* **TASK ITEM**
Your reply should reproduce all the data below exactly while excluding the pictures.

(STORED DATA begins)

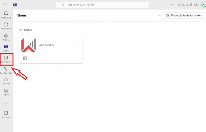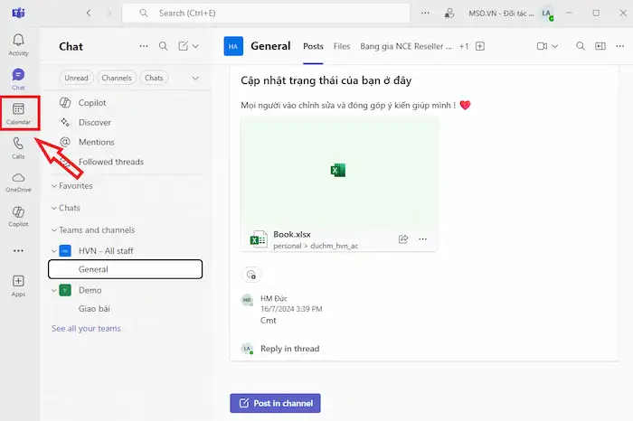 – Bước 2: Ở thanh bên trái của cửa sổ Microsoft Teams, bạn sẽ thấy biểu tượng Lịch (Calendar), nhấn vào đó để truy cập vào lịch công việc của bạn.
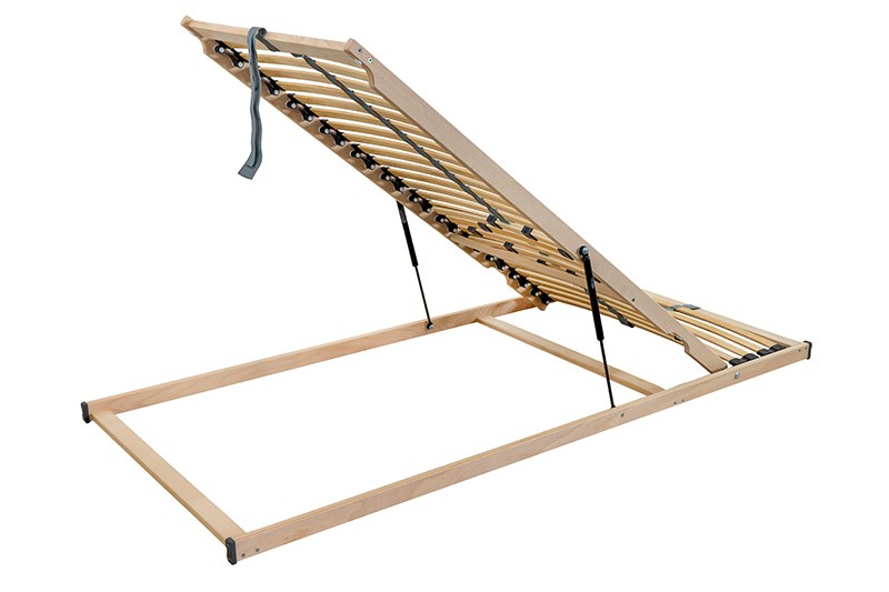 Rošt s výklopom nožnej časti pomocou piestu s prístupom do celého úložného priestoru. Rošt je možné zdvihnúť pomocou textilného úchytu. Lamely sú uložené po dvojiciach v kaučukových puzdrách, ktoré sú pružné a odolné. Sú zároveň rozložené do 3 anatomických zón na optimálny pocit opory a komfortu. Stredový popruh zlepšuje stabilitu a nosnosť roštu, posuvné objímky slúžia na individuálne nastavenie tuhosti v bedrovej časti.
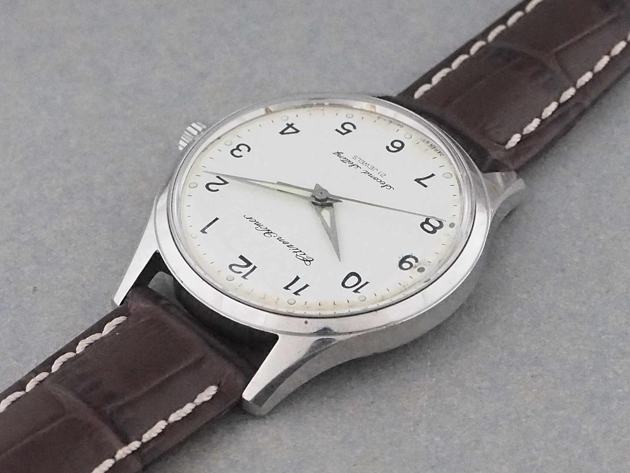 文字盤に少し変色がみられるものの全体の雰囲気を損なう程ではなく、逆にビンテージらしい落ち着いた魅力を楽しめます。

(STORED DATA ends)

* **ANSWER FOR THIS EXERCISE**
 – Bước 2: Ở thanh bên trái của cửa sổ Microsoft Teams, bạn sẽ thấy biểu tượng Lịch (Calendar), nhấn vào đó để truy cập vào lịch công việc của bạn.
 Rošt s výklopom nožnej časti pomocou piestu s prístupom do celého úložného priestoru. Rošt je možné zdvihnúť pomocou textilného úchytu. Lamely sú uložené po dvojiciach v kaučukových puzdrách, ktoré sú pružné a odolné. Sú zároveň rozložené do 3 anatomických zón na optimálny pocit opory a komfortu. Stredový popruh zlepšuje stabilitu a nosnosť roštu, posuvné objímky slúžia na individuálne nastavenie tuhosti v bedrovej časti.
 文字盤に少し変色がみられるものの全体の雰囲気を損なう程ではなく、逆にビンテージらしい落ち着いた魅力を楽しめます。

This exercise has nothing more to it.